In the film, identity is reduced to the administrative dimension. At two points in the film, Peipei shows her ID just to get a job. Once, it's for a job at the restaurant at the beginning of the film, the other time it's for iPhone traffic. Identity remains a function of administration, of registration, like a paper to fill out. It appears much less important than work,  adventure, friendship, love and the dreams of the characters. The power of this piece of Peipei's adventure that the film presents us does not take root in her identity.

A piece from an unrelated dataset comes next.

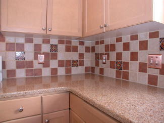 Other views of the kitchen showing the pantry, custom tile backsplash and the maintenance free Quartz Silestone slab counter tops.

The question of identity is not what matters in the film. Although Peipei lives between the two cities, between mainland China and Hong Kong, between Mandarin and Cantonese, she is not obsessed with the question of identity. At no time does she ask herself the question of identityism: am I from Hong Kong or Chinese? Of course, she is surely concerned by the question of difference, it is not the path of identityism that the film has taken to ask this question. In the film, identityism is not a subject. On the contrary, there are movements of friendship, love and curiosity, in an adventure of iPhone traffic, even if these moves take root in the soil of consumption, of money. Admittedly, Peipei traffics in order to be able to afford a trip to Japan with her best friend. You could say OK, going to Japan, sightseeing, locking yourself in the contemplation of the snow as her best friend wishes, there is nothing interesting in all that. But, when Peipei has to answer her lover who wants to know why she wants to look at the snow so much, she says: “because I would like to know how it feels, the cold”. A sentence reflecting a children's curiosity and sensitivity, by contrast with any possible consumerist interpretation of the anticipatory stimulation by the wish of seeing anf feeling the snow. 


While identityism imposes on us the obsession to find a place and the contemplation of a presentable identity, Peipei offers us movements of sensitivity , she restores the dimension of it. The film does not fall into the trap of identityism questioning “who am I?” and takes a pragmatic stance: What does it feel like? How does it feel like? How do we feel different? Peipei does not remain a spectator who fits into an identity and contemplates the snow. She moves to feel the cold, to get skin open, and we follow her.